Re: [PATCH 0/6][RFC] Rework vsyscall to avoid truncation/roundingissue in timekeeping core

From: John Stultz
Date: Wed Sep 19 2012 - 12:33:02 EST


On 09/18/2012 09:50 PM, Richard Cochran wrote:
On Tue, Sep 18, 2012 at 11:29:50AM -0700, John Stultz wrote:
I believe its mostly historical, but on some architectures that
history has become an established ABI, making it technical.
Fine, but what do you mean by "ABI?" Are you talking about magic
addresses for functions?
On powerpc, I mean magic addresses where userland can find structures that it can use to calculate time.

On ia64 I mean the fsyscall method (which is arch specific).

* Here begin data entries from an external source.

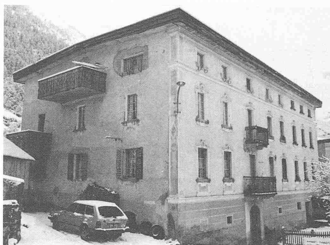
- Gebäude mit Baujahr um 1900 (besonders häufig in den durch Brände weitgehend zerstörten Dörfern)
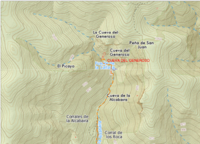
Situación y acceso
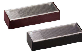
7 ABS製 干筋スリム型 箸箱(アクリル蓋) 〈RHS-R7〉 9-1994-0701 新溜 ¥5,750 9-1994-0702 黒 ¥5,500 248×87×H51 内240×74×H41 ●クリーンフード付
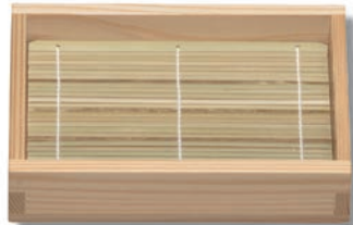
NB-202 長角そば 205×150×40 (内180×130×30) ¥5,000
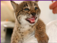
Caninos e incisivos (35 días)
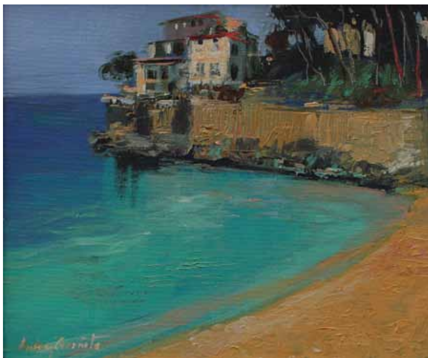
Cassis – plaża Bastian, akryl, olej na płótnie
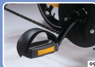
trappers met klittenband
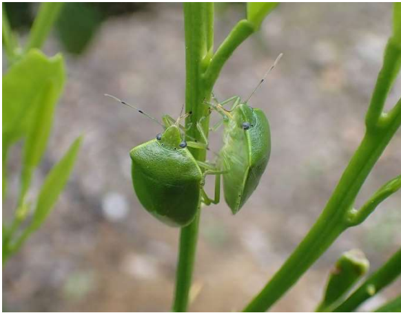
図3 カンキツの新梢への加害
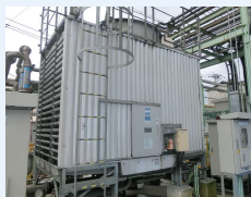
福岡県／工場長様 クーリングタワー 80冷却トン1基、その他3基

クーリングタワーの上に藻が生えて水が溢れ、頻りに清掃をしていました。 運転中はファンが回転していて危険 で、しかも高所作業です。社内の安全管理上問題でした。はじめ水質管理の説明を聞いても水のことは、さっぱりで「本当に改善するのか？」半信半疑でしたが、導入後は、藻も詰まらず危険作業はなくなり、すごく満足しています。
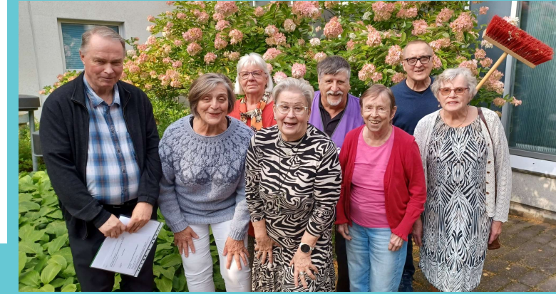
Tuore eläkeläisneuvosto 1.6.2023-31.5.2025.

Pidä tauko kauppareissullasi ja poikkea kahvilla
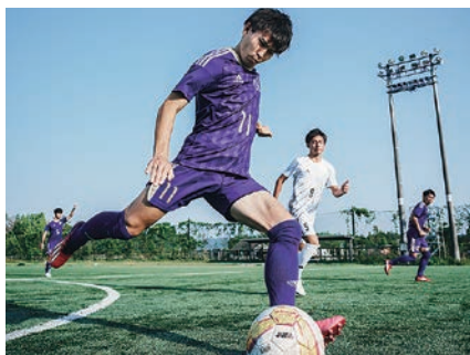
体育会サッカー部
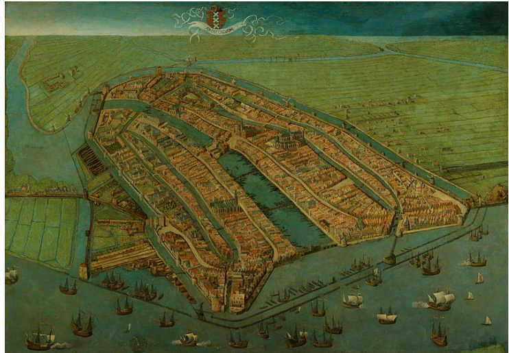
Afbeelding 5: Cornelis Anthonisz, Amsterdam in vogelvlucht , 1538, olieverf op paneel, 116 x 159 cm, Amsterdam Museum, Amsterdam.

In het Amsterdam Museum staat het Amsterdam van Van Oostsanen centraal; de kunstenaar wordt in de context van zijn tijd geplaatst. In de vroege zestiende eeuw tekenden de vele kerken, kloosters én pelgrims de katholieke stad waarbij de opkomende burgerij een nieuwe machtsfactor werd. Het Mirakel van Amsterdam maakte dat de stad zou uitgroeien tot een belangrijk bedevaartsoord. In de tentoonstelling wordt daarnaast aandacht besteed aan het succesvolle atelier van Van Oostsanen en zijn clientèle, maar ook aan zijn directe nazaten Dirck Jacobsz en Cornelis Anthonisz.
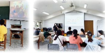
生命教育中心學校-教師增能工作坊
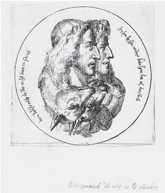
Voorbeeld van een zeventiende-eeuwse spotprent: de gebroeders De Witt blijken een wolf en een vos wanneer je hun portretten omdraait.

commentaar. De humor wil een bepaald punt maken, over de politieke actualiteit, de tijdgeest of de laatste mode. In de praktijk zijn dergelijke categoriseringen echter ook vaak simpelweg een kwestie van gewoonte en traditie. Zo vormt het label satire binnen de televisiewereld een veelgebruikte aanduiding, terwijl het binnen de context van het cabaret veel minder vaak voorkomt. Cabaret wordt dan weer wel heel direct aan humor
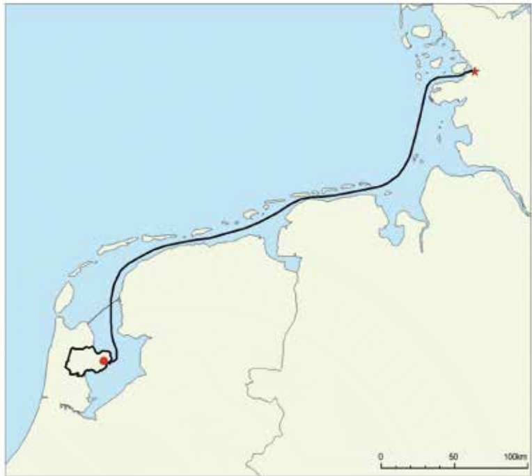
Afb. 5 De route van het rundveetransport over Noordzee en Waddenzee, ster = Husum, stip = Bovenkarspel.

in panelen vier grote bloemen opgezet met eveneens twee grote bladeren. De bloem en kelkbladen zijn meer tulpvormig dan op het andere bord. De panelen worden gescheiden door een meander. Centraal staat een abstract bloemmotief met een punt in het midden en afwisselend bladvormige en kelkvormige bladen. Bijzonder aan dit bord is dat het loodglazuur geheel over de bovenzijde van het bord is gegoten, waardoor het hele bord groen is geworden. Op de plekken van het witte slib vertoont de koperloodglazuur kleine putjes. Dit geeft aan dat er een reactie tussen het kopervijlsel en de kalk van het slib heeft plaatsvonden. Bij de rode slib van de donkergroene delen is dit niet het geval. Wel hechtte de rode slib minder goed en zijn enige stukken afgebladderd.

Without knowing the dirty details, what I imagine is a jump/branch
from the arch-specific code into the common implementation.

Can that be done?
In the two cases above, what you suggest unfortunately isn't possible (at least to my understanding - arch maintainers jump in to correct me).

With powerpc, there is no arch specific kernel code involved, its just a data structure the kernel exports that is accessible to userland. The execution logic lives in userland libraries, or sometimes application code itself.

With ia64's fsyscall, its a special mode that limits what you can do and which registers you access. So you couldn't just jump to other code while in that mode.

But maybe someone has a neat idea on how to get around this?